***Nazjatar, 8 months ago***
Despite the huge bulk, Sylvanas could feel N'Zoth somehow trying to shrink away from her. A fear that permeated the air, that sank into her bones.
As if she could even feel her bones at all. She dove, fast and deep, driving herself into N'zoth's mind with a soundless scream. And then she was everything and nothing and her life stretched on for eons and the world was dark and heavy and all bowed to her.
The Dark Queen, the ending and the beginning, Sylvanas stretched her hand across Azeroth and made it hers and hers alone. But there were others, stronger others and she was not Sylvanas but N'zoth, the Old God, weak but clever. And it was patient, so patient and it waited.

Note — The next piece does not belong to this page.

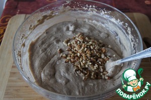 В последнюю очередь добавить большую часть нарезанных на небольшие кусочки орехов. Немного оставить для подачи.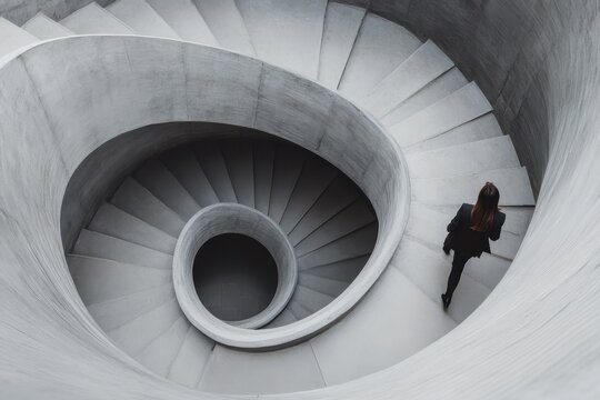 A woman walks up a spiral staircase. The staircase is very large and has many steps. The woman is wearing a black jacket and she is in a hurry

But Sylvanas lacked that patience. She drilled and dug and swam and at last she found the heart of N'zoth and took that up and squeezed it.
Still it fought her, and she ripped Tyra's head off, unmade Nathanos, ran Kalira through and strangled Jaina until she stopped twitching. It knew her weak points. And they were weak points. But Sylvanas knew better.
Sylvanas knew that Nathanos had her back, that Kalira and Tyra had become her left and right hands. And Jaina….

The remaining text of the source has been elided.